■ Task statement ■
In the listing below, how many lines hold "this"? Give the number only.

■ Entries supplied ■
+ + +

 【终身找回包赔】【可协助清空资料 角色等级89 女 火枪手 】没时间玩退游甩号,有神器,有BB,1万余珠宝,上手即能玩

+ + +

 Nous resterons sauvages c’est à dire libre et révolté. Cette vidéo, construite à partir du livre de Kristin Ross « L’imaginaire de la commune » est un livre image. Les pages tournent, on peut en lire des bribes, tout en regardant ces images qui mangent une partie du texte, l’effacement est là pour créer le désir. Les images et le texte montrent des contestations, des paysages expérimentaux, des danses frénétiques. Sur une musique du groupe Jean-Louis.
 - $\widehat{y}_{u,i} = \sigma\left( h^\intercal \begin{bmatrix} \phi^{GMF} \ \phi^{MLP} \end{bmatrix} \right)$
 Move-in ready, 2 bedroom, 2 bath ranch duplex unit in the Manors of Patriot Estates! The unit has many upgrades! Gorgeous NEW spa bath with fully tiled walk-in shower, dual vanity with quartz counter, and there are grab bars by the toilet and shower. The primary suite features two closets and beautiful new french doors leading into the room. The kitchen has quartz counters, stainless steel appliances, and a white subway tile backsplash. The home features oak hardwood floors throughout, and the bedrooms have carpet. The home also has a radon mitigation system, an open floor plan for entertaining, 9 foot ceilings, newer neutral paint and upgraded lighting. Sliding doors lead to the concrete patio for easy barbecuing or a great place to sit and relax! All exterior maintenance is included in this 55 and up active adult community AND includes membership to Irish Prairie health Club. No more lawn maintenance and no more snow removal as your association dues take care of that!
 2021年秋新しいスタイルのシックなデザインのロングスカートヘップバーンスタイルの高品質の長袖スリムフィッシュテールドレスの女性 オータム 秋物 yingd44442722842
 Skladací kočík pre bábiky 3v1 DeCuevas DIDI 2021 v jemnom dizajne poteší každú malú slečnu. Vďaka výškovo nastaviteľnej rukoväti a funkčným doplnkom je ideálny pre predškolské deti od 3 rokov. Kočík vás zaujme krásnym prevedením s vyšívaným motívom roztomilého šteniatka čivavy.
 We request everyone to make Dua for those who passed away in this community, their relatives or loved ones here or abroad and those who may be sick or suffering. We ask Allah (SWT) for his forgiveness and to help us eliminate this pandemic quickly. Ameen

+ + +

■ Answer ■
2